Photo-photosynthetic curve measured at a leaf temperature of 25 ° C and an outside air CO2 concentration of 390 ppm. The curve differs greatly depending on the irradiation direction. When irradiated from the front side, the transition from the light rate-determining step to the light saturation step is sharper.

First, let’s compare the light-photosynthesis curves of one sunflower leaf between the case of irradiating light from the front side and the case of irradiating light from the back side. As can be seen in Figure 5, the curves are very different. When irradiated from the back side, a lot of light is absorbed by the spongy tissue, and not much light reaches the positive chloroplasts existing on the front side. Therefore, in order to photosaturate all chloroplasts, extremely strong light is required. On the other hand, when light is irradiated from the front side, the differentiation of palisade tissue and spongy tissue and the gradient of positive chloroplast-negative chloroplast act in the direction that all chloroplasts reach photosynthesis at the same time. Therefore, the light-photosynthetic curve of the whole leaf becomes quite sharp. However, as already mentioned, these effects are not perfect.

The result of applying the differential quantum yield measurement method to this leaf is shown in FIG. The horizontal axis is the photon flux density of the irradiation light. Roughly speaking, the differential quantum yield corresponds to the slope of the photosynthetic curve, so it decreases with increasing photon flux density. When the light is irradiated from the front side, when the photon flux density is very small, the red light is more efficient than the green light, reflecting the difference in the absorption rate of the leaves. However, at 200 µmol m-2 s-1 and above, adding green light was more effective in increasing the photosynthetic rate than red light. When the light is irradiated from the back side, the green light is effective with the light much weaker than that. This is because the underlying tissue absorbs light more easily, and the chloroplasts reach light saturation with weak light.

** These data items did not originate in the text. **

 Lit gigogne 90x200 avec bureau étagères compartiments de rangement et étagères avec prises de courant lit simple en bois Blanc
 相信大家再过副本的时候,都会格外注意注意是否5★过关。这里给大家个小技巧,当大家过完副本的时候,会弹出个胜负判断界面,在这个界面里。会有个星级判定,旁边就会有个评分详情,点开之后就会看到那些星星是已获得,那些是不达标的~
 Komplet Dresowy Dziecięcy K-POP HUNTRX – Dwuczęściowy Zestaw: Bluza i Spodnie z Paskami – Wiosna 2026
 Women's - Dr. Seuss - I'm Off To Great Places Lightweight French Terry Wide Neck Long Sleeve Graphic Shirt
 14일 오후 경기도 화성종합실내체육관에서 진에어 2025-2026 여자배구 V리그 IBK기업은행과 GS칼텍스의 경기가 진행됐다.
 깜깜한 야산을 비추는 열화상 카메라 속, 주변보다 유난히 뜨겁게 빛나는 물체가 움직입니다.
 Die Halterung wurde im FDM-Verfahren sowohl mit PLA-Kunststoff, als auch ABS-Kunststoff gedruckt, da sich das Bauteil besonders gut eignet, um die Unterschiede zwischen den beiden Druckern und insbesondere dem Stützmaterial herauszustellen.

The average quantum yield of monochromatic light in white light of a certain intensity is obtained by integrating the differential quantum yield from 0 to that light intensity. When actually calculated, when the light was irradiated from the front side, the average quantum yield of green light was larger than that of red light at 400 µmol m-2 s-1 or more. From these, it can be concluded that under strong light, green light drives photosynthesis more efficiently than red light and blue light. Of course, similar measurements need to be made for various leaves, but the average quantum yield of green light in nature may not be much different from that of red light.

In this way, the leaves use green light for photosynthesis quite well. Land plants continue to use chlorophyll, a pigment that does not easily absorb green light, probably because the efficiency of this pigment inherited from green algae was not bad. Of course, there is no reason why the hard-to-absorb wavelength range must be green.

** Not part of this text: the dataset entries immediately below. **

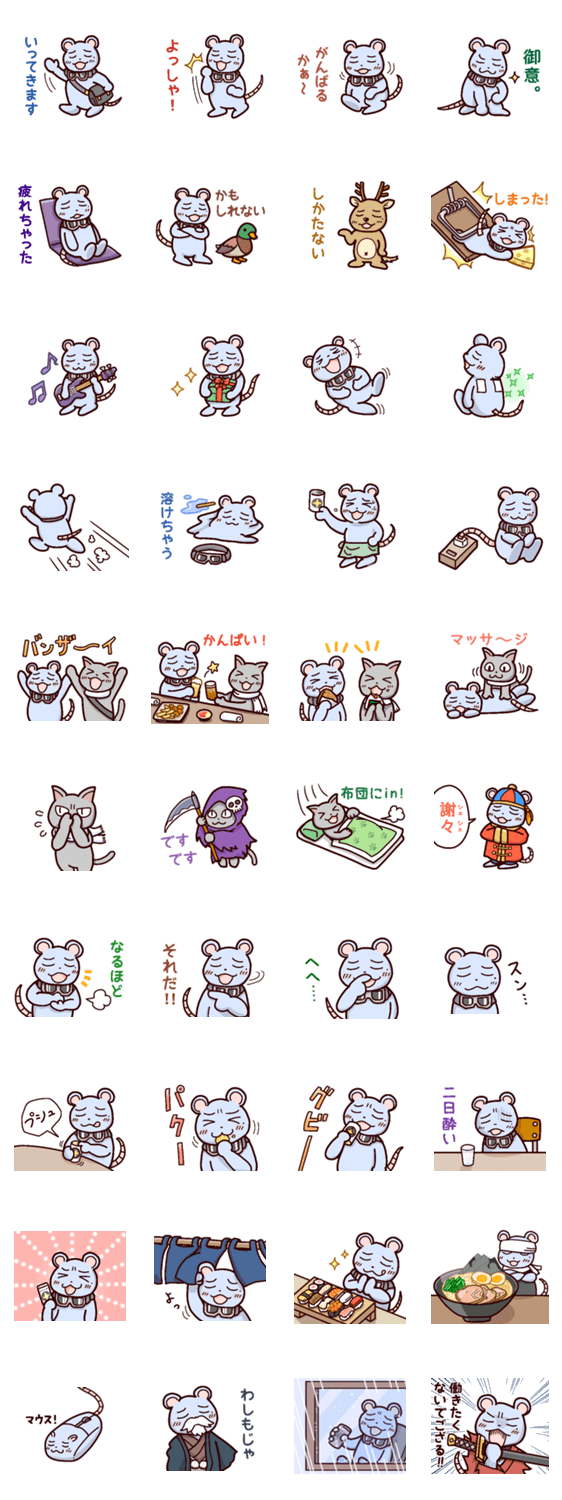 | スタンプ説明 | お酒が大好きなネズミ、アルチュータのスタンプ第2弾です!今回は猫のブーチィも少しだけ一緒に!お酒好きの方におすすめです! |
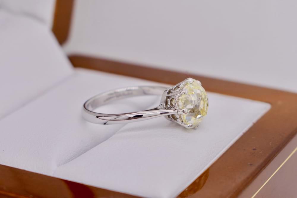 In the mid 1860's diamonds were discovered for the first time in the British Cape Colony (now South Africa), this was a pivotal discovery in our diamond history and as diamond production in Cape town and the Cape region progressed all diamonds originating from the Cape bore the name. Moving into the early 20th century the term cape moved from referencing origin to referencing the faint to light yellow colour of which diamonds from this region generally exhibited. Over the years cape became a recognized term for diamonds with a distinguished yellow colour, and though the GIA now has more definitive terminology (O/P in this case) the word Cape remains a valid description particularly when referencing antique diamonds of this old world time.
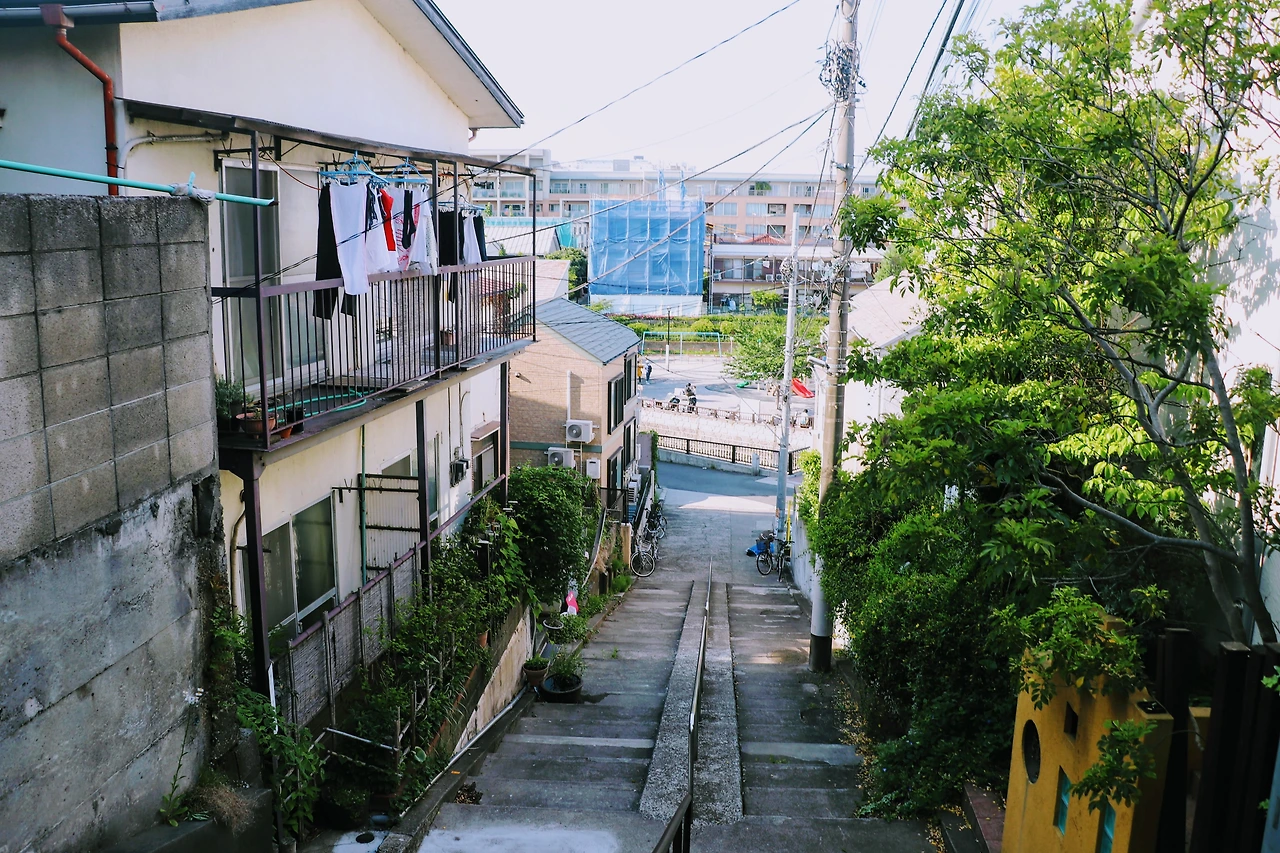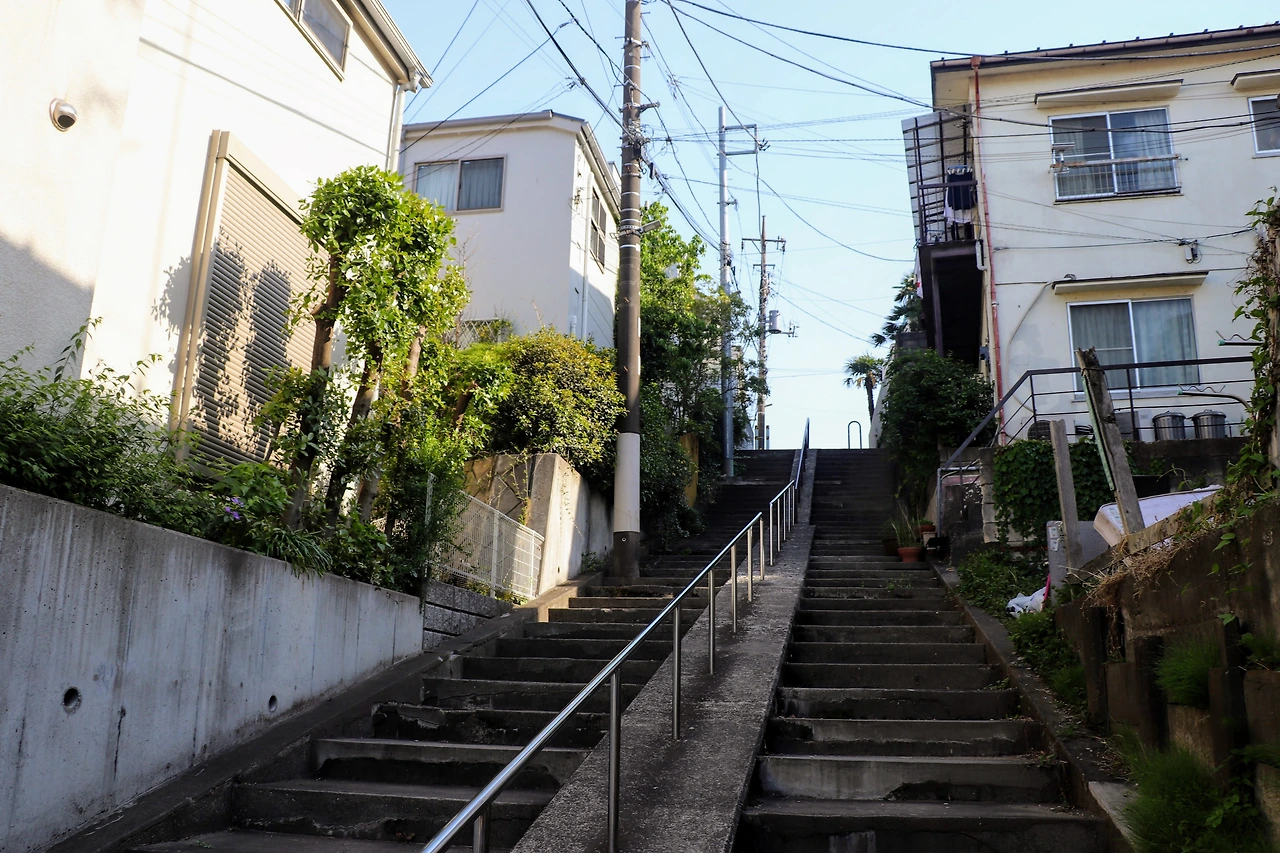 공원 곁에 가파른 계단이 하나 있다. 주인공 아키라가 자주 오르내리는 계단이지만, 나는 이 계단을 실제로 보니 막내 유키의 얼굴이 가장 먼저 떠올랐다. 아이들은 가위바위보를 해서 이긴 사람이 계단을 올라가는 게임을 하는데, 가장 밑에 있는 유키가 정말 작아 보이기 때문이다. 어린 시절 나만 한참 밑에 있고 위로 먼저 올라간 친구들이나 사촌들을 올려다볼 때 그 초조함. 이곳에 서 있으니 어린 시절 느꼈던 그 기분이 되살아나서 아랫배가 살짝 아파왔다.
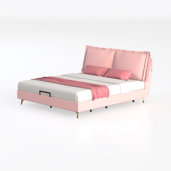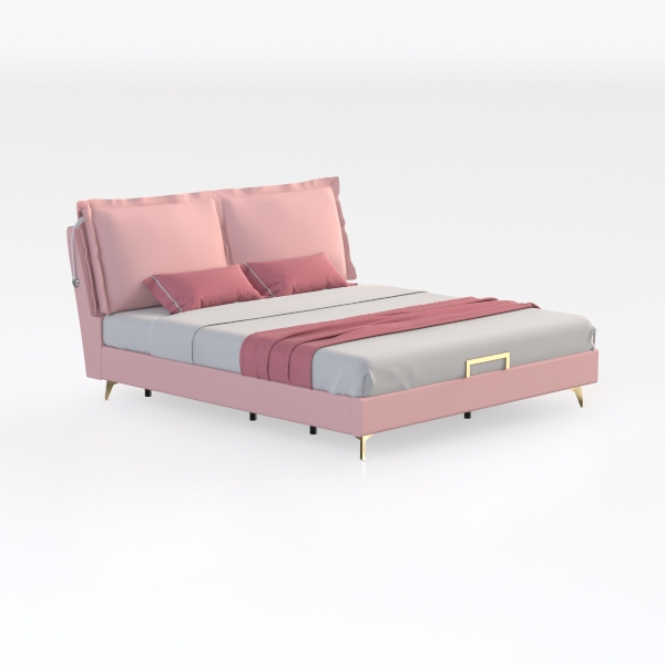 Inspired by soft, romantic aesthetics, blending gentle pink tones with clean, crisp lines for a cozy yet sophisticated vibe. The headboard, upholstered in smooth, plush fabric, offers a comforting touch, while sleek, thin metal legs add subtle, elegant contrast. Ideal for a modern, serene bedroom, it pairs beautifully with warm ambient lighting and minimalist wooden nightstands, enhancing a tranquil atmosphere. Adequate headboard height ensures relaxation, with a soft, light gray bedspread balancing the pink, creating a harmonious, inviting space.

Fig. 6 Modified the light intensity dependence of the differential quantum yields of red light (550 nm) and green light (668 nm)

Measured under the same conditions as in Fig. 5. The photon flux densities of white light were 0, 40, 100, 150, 200, 450, 700, 950 and 1200 µmol m-2 s-1. The photon flux density of the added monochromatic light is 50 µmol m-2 s-1 when the white light is 150 µmol m-2 s-1 or less, and 200 µmol m-2 s-1 or more when the white light is 200 µmol m-2 s-1 or more. It was 150 µmol m-2 s-1. The left side is when irradiated from the front side, and the right side is when irradiated from the back side.

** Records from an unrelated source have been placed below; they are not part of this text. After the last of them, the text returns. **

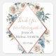 Watercolor floral arrangement in chic dusty blue and neutral with rose gold diamond shape frame personalised stickers. Customise text, font style, colour and size.
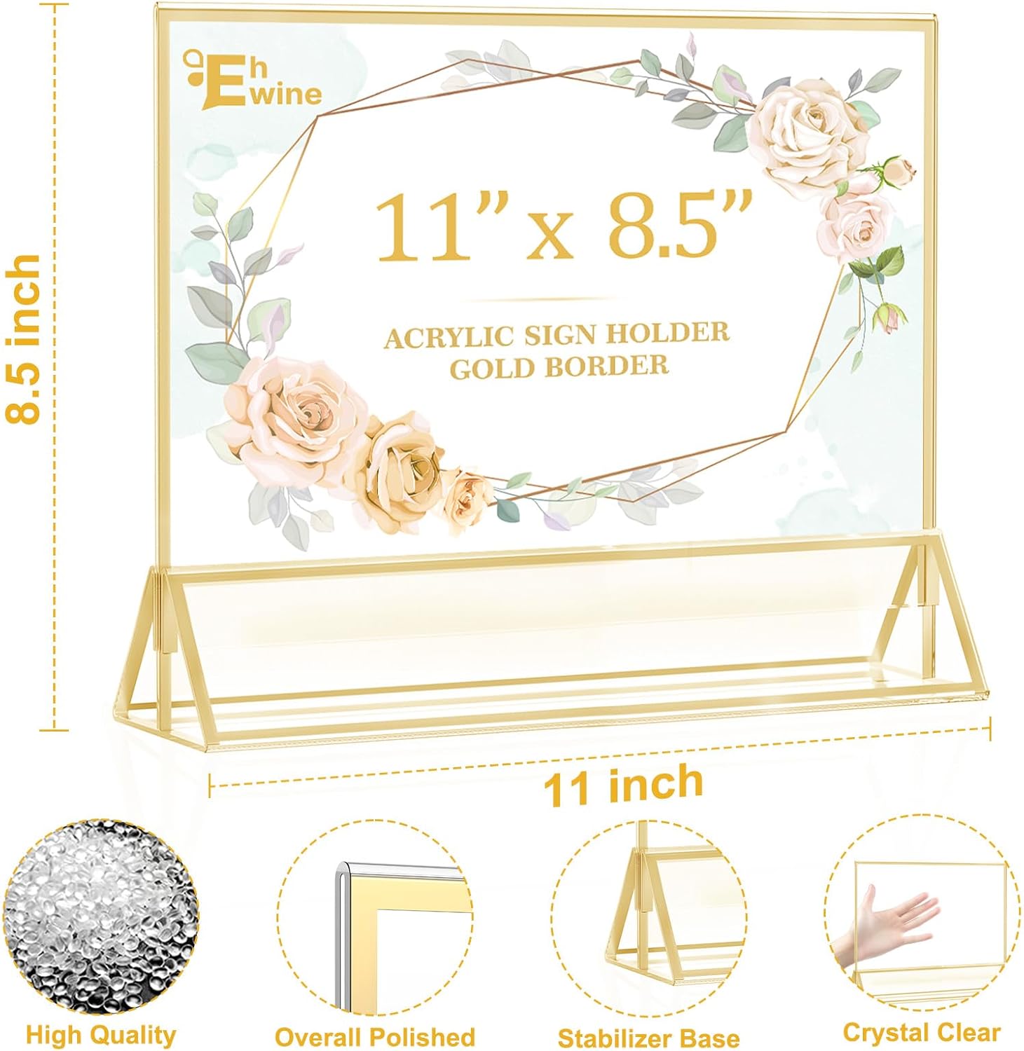 - Clear Golden Border Picture Frame: EHWINE acrylic sign holders are incredibly clear and transparent, providing a professional look to your displays. With no distortion or cloudiness, your message will be conveyed with crystal-clear clarity
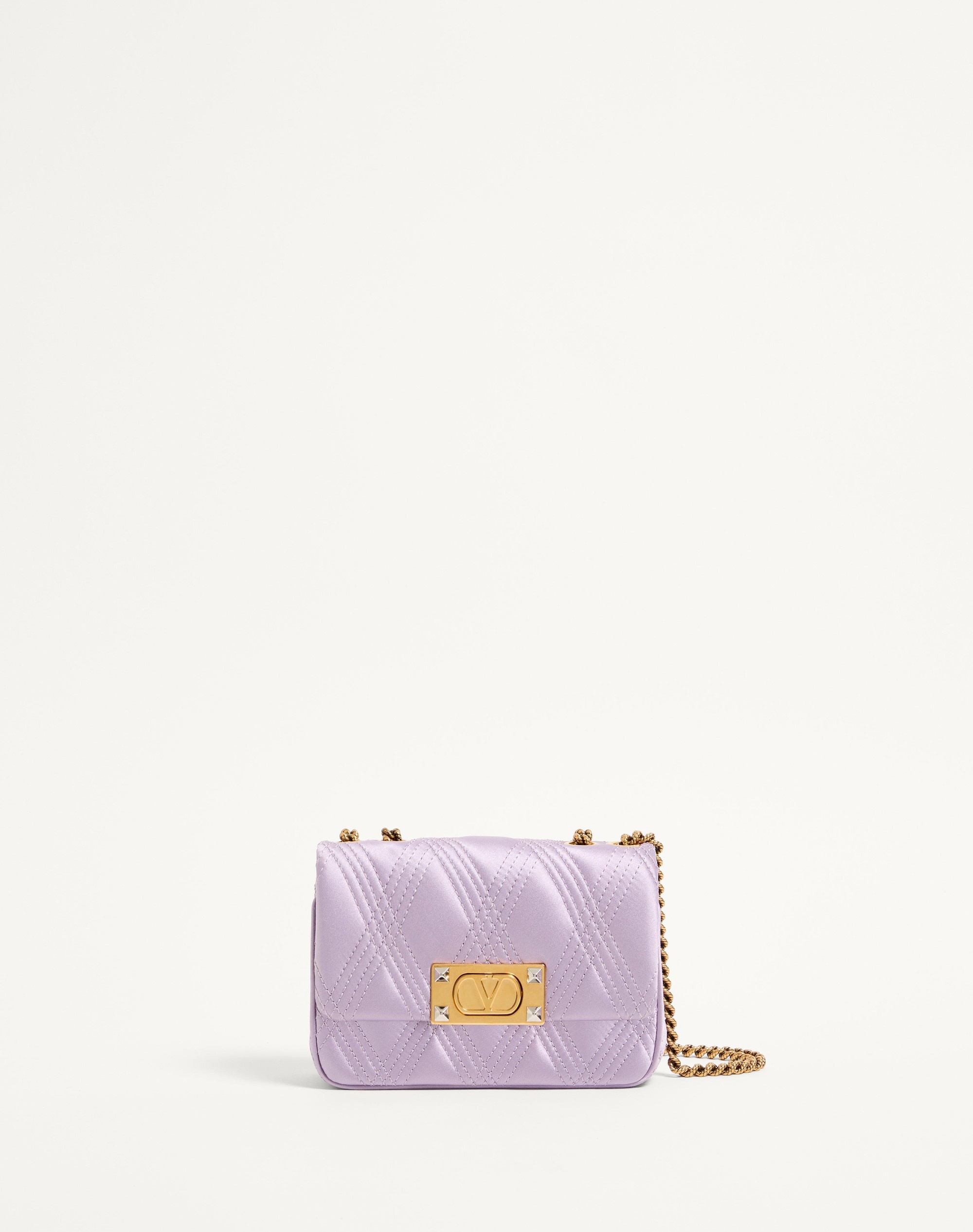 Valentino Garavani Quiltie 67 small satin shoulder bag with chain. Quilted construction with diamond pattern outlined with tone-on-tone stitching. The bag can be worn on the shoulder/crossbody thanks to the sliding chain. - Hardware in antique gold finish - The closure features a VLogo Signature plaque in antique brass finish and palladium-finish studs - Nappa lining. Interior: slip pocket - Chain drop length: min. 25.5 cm to max. 50 cm / min. 10 in. to max. 19.6 in. - Dimensions: W19xH13xD6 cm / W7.4xH5.1xD2.3 in. - Made in Italy Product code: 6W0B0R08DZR_R2G

Mills that live at the bottom of the band-shaped distribution of green algae on the rocky shore appear black because they have a carotenoid called cihonaxanthine that can absorb green light and be used efficiently for photosynthesis. Therefore, it is possible to produce black chloroplasts even if it has chlorophyll as the main photosynthetic pigment. In dark places, it would be better to have black chloroplasts. The light is so strong on land that black leaves may not have been produced. However, it may be worth a careful analysis of pigments such as land plants that prefer extremely dark light environments.